With a last minute change of menu and my Part One desire for danger, meal prep for this year’s Thanksgiving with its little riffs and trills felt like what an orchestra warm up sounds like. Undaunted, I muscled through the prep list on Wednesday: tossing out, incorporating, and improvising what turned out to be, in the end, a very satisfying practice.
It all began with Mozart’s Requiem on Pandora as I chopped The Thanksgiving Trinity (onion, celery, carrot) and browned sausage with a bit of bacon for a recipe I poached from Thomas Keller’s Bouchon. Little more than veg, ciabatta (it’s most exotic ingredient), herbs and meat, the ingredient appeared modest to a fault; but I’d been tasked with “keeping it simple” by the artist-boyfriend and thought Keller would do it up right.
Alas, the fixings failed to hit a single memorable note. Even Greg sniffed at the insipid-tasting combination of pork and bread.
A pound of sauteed-until-crisp-and-brown Creminis un-did the persnickety neatness of the dish, lending a much-needed earthy bass note to pull things together.
To be a Tart
With Greg’s tradition pumpkin pie on the menu, I thought better of my spice apple number and picked up Baking with Julia instead. Why I’ve waited more than half my life to make a classic French Apple Tart is a mystery, but I’m happy as a 5 year-old on Christmas morning that I can still be surprised by something as humble as apple pie. To make the tart, I peeled and sliced half a dozen granny smith apples–sending Greg to the store for more to complete the tart, working now to Hadyn’s Il retorno di Tobia and Bach’s Mass in B Minor, feeling as if the angels (and Julia) were singing to me. After tossing thin slices of apple with cinnamon, sugar, lemon, and a shaved dinner roll, I baked them and then, most satisfyingly, mashed them into a kind of chunky paste. Into a chilled cheddar tart dough went the paste which I painstakingly topped with more sliced apples in a rosette pattern before buttering and dusting with sugar. The result of crust and filling was Miles Davis meets Debussy or Ravel, in a kind of wacky Baz Luhrmann directorial move that ended up making perfect, lovely sense.

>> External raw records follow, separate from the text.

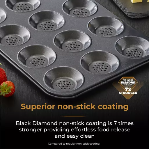 12 cup shallow tart tray is perfect for tarts and mince pies0.8mm aluminized steel is durable and hard wearing
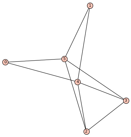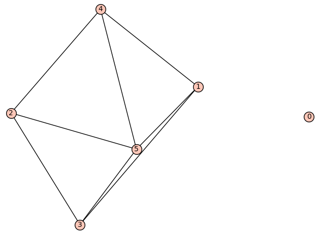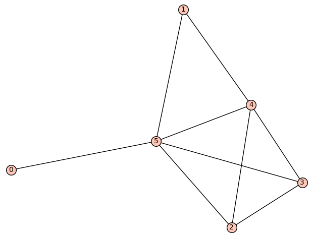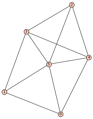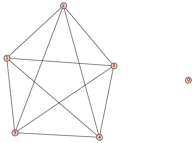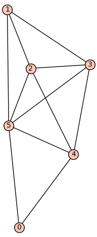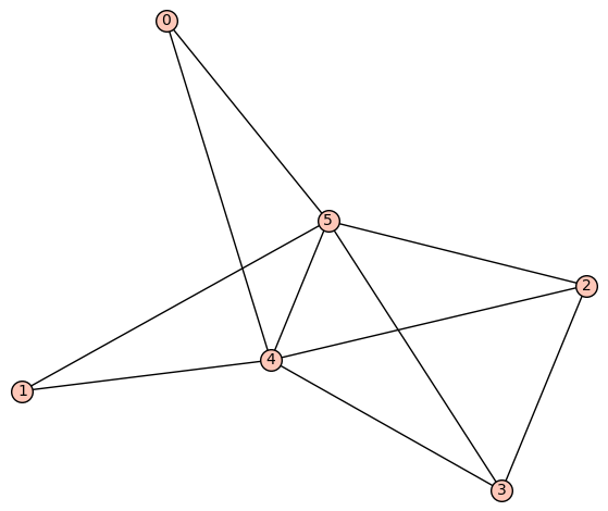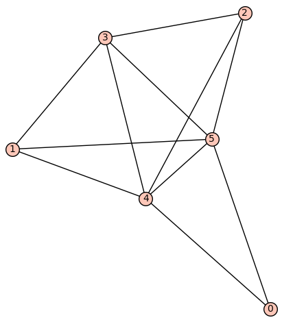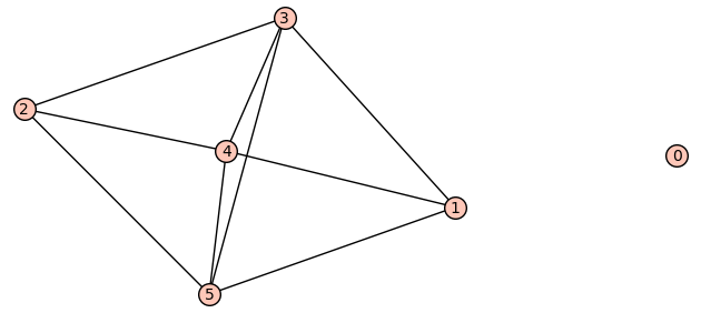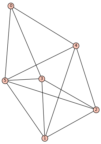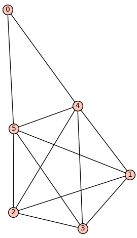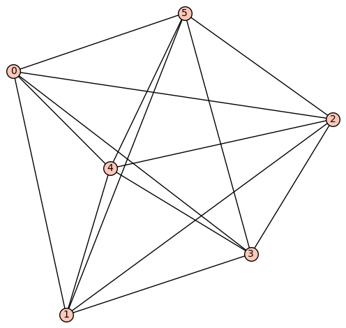 | 15 edges: | [[0, 1], [0, 2], [0, 3], [0, 4], [0, 5], [1, 2], [1, 3], [1, 4], [1, 5], [2, 3], [2, 4], [2, 5], [3, 4], [3, 5], [4, 5]] |
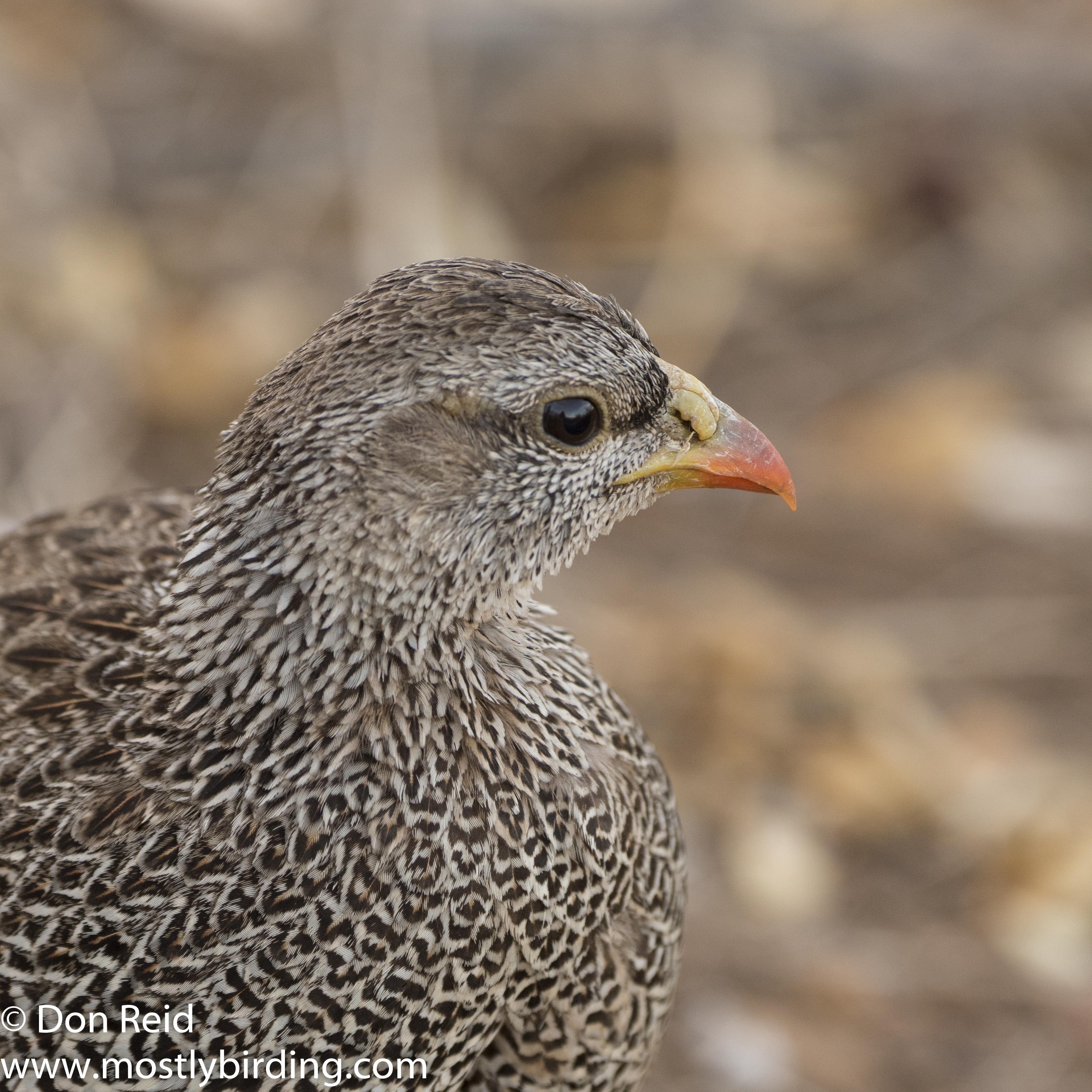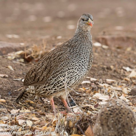 a Natal Spurfowl mommy with 4 teeny bopper youngsters spent time scratching in the dry leaf litter and dust bathing
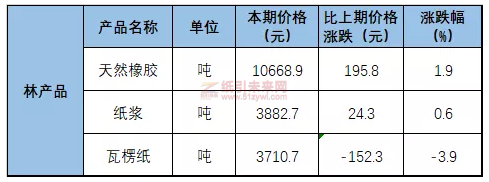 其中林產(chǎn)品領(lǐng)域,7月下旬與7月中旬相比,紙漿價(jià)格上漲24.3元,漲幅0.6%;瓦楞紙價(jià)格下跌152.3元,跌幅3.9%。

Flinging my tried and true roasting method, not to mention all caution, to the wind, I opted for roasting our unstuffed 13 pound bird on top of a mirpoixe for an hour in a 425 degree oven, followed by two hours at 350. The trick to this one is to salt the bird and let it rest uncovered in the fridge for a day or two before hand to allow the skin to tighten and seal in all that lovely turkey essence. Before roasting, rub the turkey with olive oil and more salt and pepper. Place on about 2 cups of mirpoixe and add a cup and a half of turkey broth. That’s it. Tent after an hour when you turn down the oven and baste every 20 minutes until thigh meat juices run clear.
We had a luscious brown bird at the table, bursting with clean juicy poultry flavor. The dripping gravy, made from more turkey stock added to the pan, along with a bit of white wine, cream and cognac silkily dressed my famous garlic mashed potatoes. Together with my homemade cranberry sauce scented with clove and Jonathan Waxman’s escarole and Brussels sprout salad with pickled onion and buttermilk vinaigrette, the meal coupled and uncoupled flavors and textures: there was crunch with bitter, salt with silk, umami mixed with the slightly chewy and the slightly unctuous, and sweet mixed with crisp and a hint of sour.
Food has the ability to do so many things: Comfort, mark, enrich, bind together, and express. And while simple is beautiful, a sense of routine elevated to drudgery can deaden even the loveliest ingredients. I’m with Chef Carla Hall who says that she wants people to taste the love in her food. For me, that means being inspired by new methods or the challenge of creating something lovely and elegant from something that is so simple.
In the end, Greg and his son and I laughed a lot, and shared great food, played board games and watched movies. It’s been decades since I had Thanksgiving like that.